"""

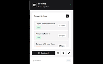 Användare kan installera CodeRep och koppla sitt konto via en API-token. Efter att ha lagt till problem kan de betygsätta svårighetsgraden efter varje genomgång, vilket hjälper till att optimera nästa revisionsschema. Med en ren och överskådlig instrumentpanel kan användare enkelt följa sin framgång och säkerställa att de aldrig glömmer ett LeetCode-problem igen.
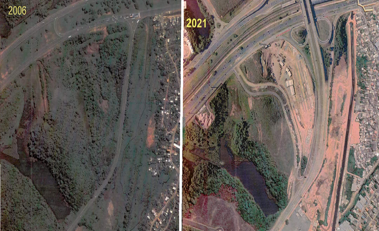 (a) Fotos aéreas antigas do terreno da Civil Construtora mostram o rio Jaguaribe serpenteando no terreno e com vegetação herbácea, arbustiva e arbórea na sua faixa de APP (veja aqui).
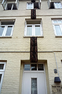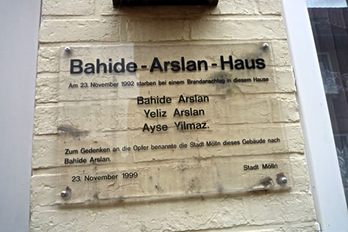 Ein Hus, dat mi dull bewägt, dat is ein wittes Hus mitten in de Oltstadt. Dat hett eine trurige Geschicht. Minschen, de Utlänner hassen daun, planten einen Anschlach in Mölln. Sei güngen siehr raffiniert vör, lechten bi Utlänner, ein Stück wech von dat witte Hus, ein Füer un röpen de Füerwehr an. De rückte fix ut. So harn de Verbräkers denn Tiet, in dit Hus, gor nich wiet von Till wech, ein kräftiges Füer tau leggn. Eine Grotmurrer un ehr twei Enkelkinner sünd dorbi üm't Läben kamen. An dat Hus sünd ein grotes un ein lüttes Relief anbroecht worden. Miene Ogen seihn dorin Flammenmuster, de bet babenhen züngeln daun. Fraagt heff ick nich, ob dat stimmen deit, empfunnen heff ich dat so.
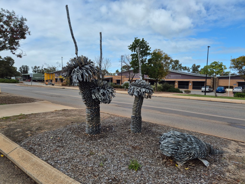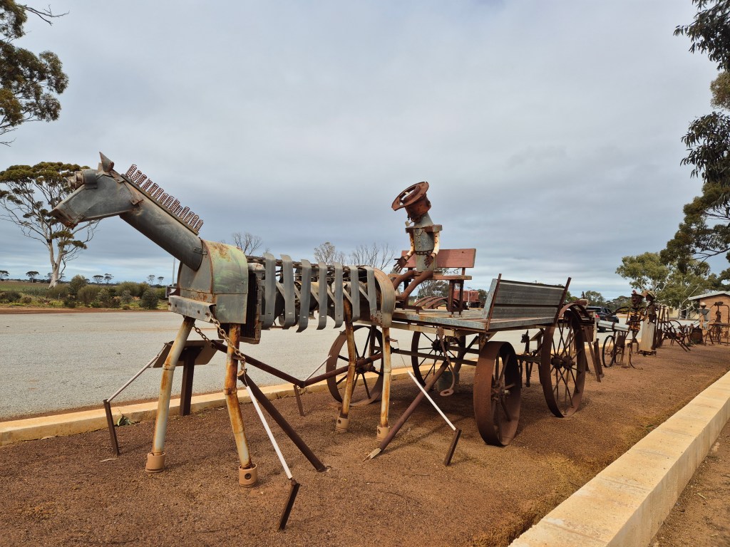 Its probably time to move on, so after 6 nights in Wongan Hills, and much exploration we head further South with a view to visiting Wave Rock. Yes, Esperance and Albany have been given a miss. Wave rock is near the small town of Hyden, which gets much of its water from that massive rock in the same way our forbears collected it in past years. They accomplished this by by putting stone barriers around the edges of the granite dome so that water is channelled into a collecting point of some type…clever. Camping at Kondinin we drive through Hyden where we are delighted to see more art, of a metal variety. Metal art is a “thing” in WA and every township seems to have its own version of it.
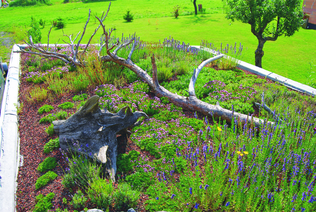 Kleine waterpartijen die gevoed worden door regenwater zijn ideaal voor insecten en vogels en plantvrije kiezelzones (als biotoop voor kleinere insecten). Het gebruik van dood hout op het dak is een aanrader (als habitat voor o.a. kevers, bijen, vliegen en mieren) en als voedingsbodem voor mossen. Natuurlijk mogen ook bijenhotels niet ontbreken.
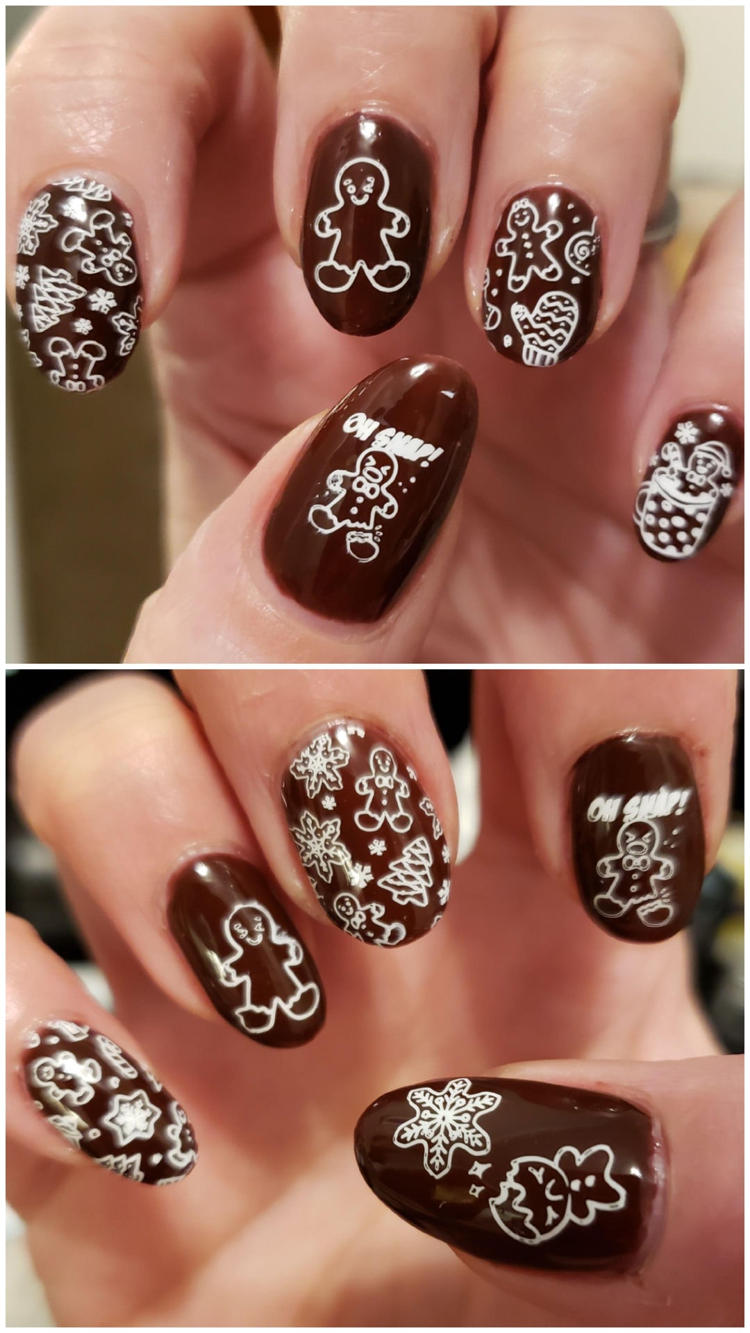 I’m stubborn so I carefully dabbed off as much as I could with a barely damp cleanup brush, let the surface dry, carefully brushed a little chinotto back over the smeary part, and more top coat. Hey, it worked! 🤣. You can still see part of the smear next to the ! In Oh, snap! Which is kind of appropriate. 🤣 but yay I didn’t have to redo the whole nail. 🤪
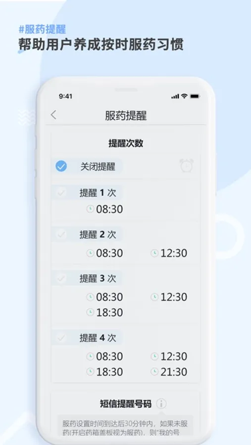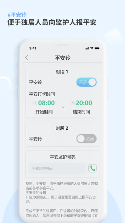 康言药箱极速版主要功能是自动提醒按时服药,为中老年人和糖尿病等慢性病患者设计,帮助用户形成按时服药的习惯,降低重复服药/忘记服药等风险。它还能将用户服药情况,平安铃,紧急呼救等信息传送至云端,以便监护人和签约医护人员了解并作出应对,随着大数据逐渐丰富将为地方医保和医护人员/连锁药店等第三方赋能,提高经济效益和从业人员的工作效率,多方携手实现以健康为中心的国家战略。
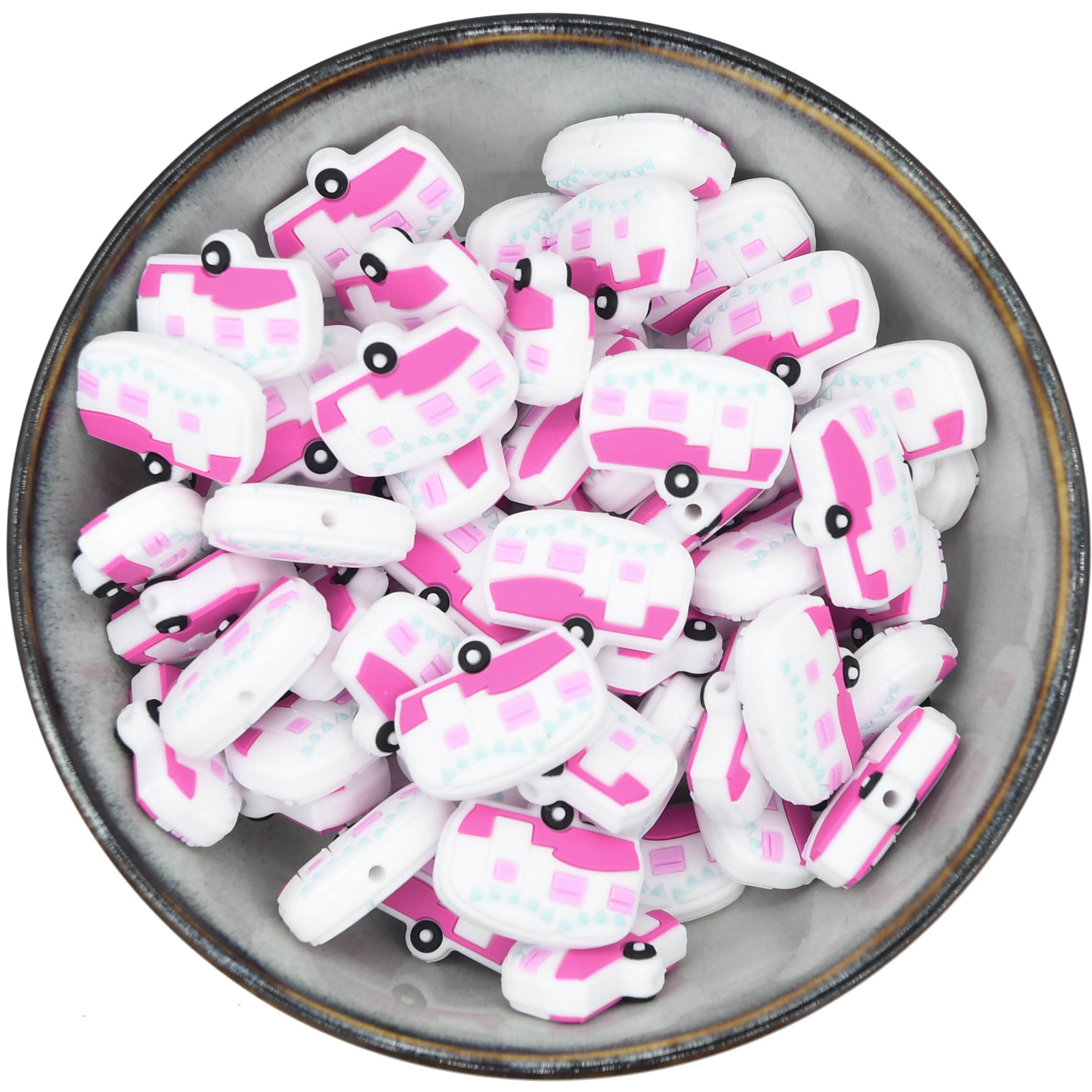 Voor de vakantiegangers! Een siliconen figuurkraal in de vorm van een caravan met vlaggetjes.
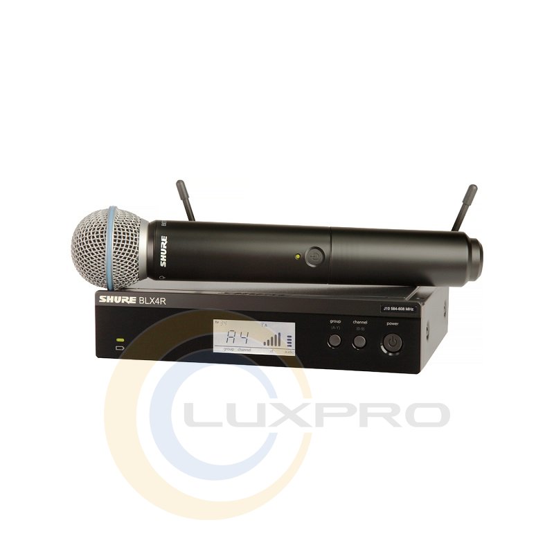 SHURE BLX24RE/B58-M17 - радіосистема з сімейства систем BLX. Дуже добре підходить для початкового рівня. SHUREBLX24RE / B58 M17 можна використовувати як в маленьких приміщеннях, так і в великих. Радіосистема SHURE BLX24RE / B58 M17 володіє великою кількістю сучасних функцій і простим інтуїтивним управлінням. Передача звуку відбувається за допомогою бездротового передавача BLX2 з капсулем BETA 58. Робочі частоти від 662 до 686 MHz.Перехід від провідних мікрофонів до радіосистемам повинен бути вільним і простим. Серія бездротових систем SHURE BLX поєднує в собі професійну якість звуку з простотою установки і інтуїтивно зрозумілим інтерфейсом - Ви можете бути впевнені, що зможете працювати з системою відразу ж після того, як дістанете її з заводської упаковки. Система BLX доступна в різних комплектаціях: з ручним передавачем, головними і Петличний мікрофонами, а також в інструментальній конфтгураціі. Це найбільш доступна серія радіосистем SHURE для використання на сцені.Характеристики:
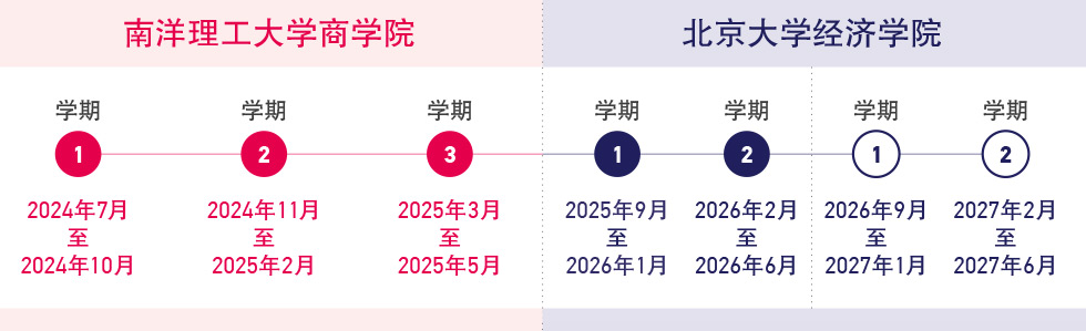 学生分阶段在两校完成各自培养方案认可的课程,符合双方毕业要求的学生将获得南洋理工大学金融硕士学位和北京大学专业硕士学位。
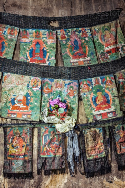Танки - это буддийские религиозные картины на шелке.Thiksey gompa (тибетский буддийский монастырь), Ладакх, Индия
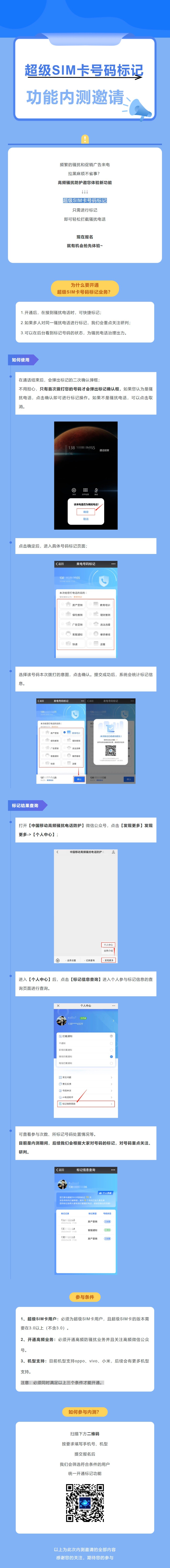 需要注意的是,参与内测的用户必须为超级 SIM 卡用户并开通高频业务,且超级 SIM 卡的版本需要在 3.0 以上(不含 3.0)。此外,该功能目前支持 OPPO、vivo、小米等机型,后续会有更多机型支持。
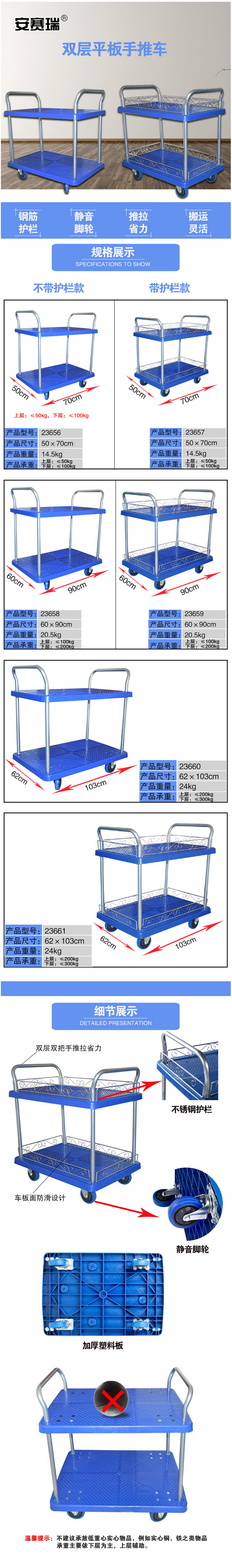 供应商:史泰博 品牌:安赛瑞 产地:中国 重量:14.500KG 销售单位:辆 包装清单:双层平板手推车*1

"""

Your goal: Taking the material above, give again exactly the lines from the one holding "(a) Fotos aéreas" through the one holding "Ein Hus, dat", with both ends and without pictures.

Response to the exercise:
 (a) Fotos aéreas antigas do terreno da Civil Construtora mostram o rio Jaguaribe serpenteando no terreno e com vegetação herbácea, arbustiva e arbórea na sua faixa de APP (veja aqui).
 Ein Hus, dat mi dull bewägt, dat is ein wittes Hus mitten in de Oltstadt. Dat hett eine trurige Geschicht. Minschen, de Utlänner hassen daun, planten einen Anschlach in Mölln. Sei güngen siehr raffiniert vör, lechten bi Utlänner, ein Stück wech von dat witte Hus, ein Füer un röpen de Füerwehr an. De rückte fix ut. So harn de Verbräkers denn Tiet, in dit Hus, gor nich wiet von Till wech, ein kräftiges Füer tau leggn. Eine Grotmurrer un ehr twei Enkelkinner sünd dorbi üm't Läben kamen. An dat Hus sünd ein grotes un ein lüttes Relief anbroecht worden. Miene Ogen seihn dorin Flammenmuster, de bet babenhen züngeln daun. Fraagt heff ick nich, ob dat stimmen deit, empfunnen heff ich dat so.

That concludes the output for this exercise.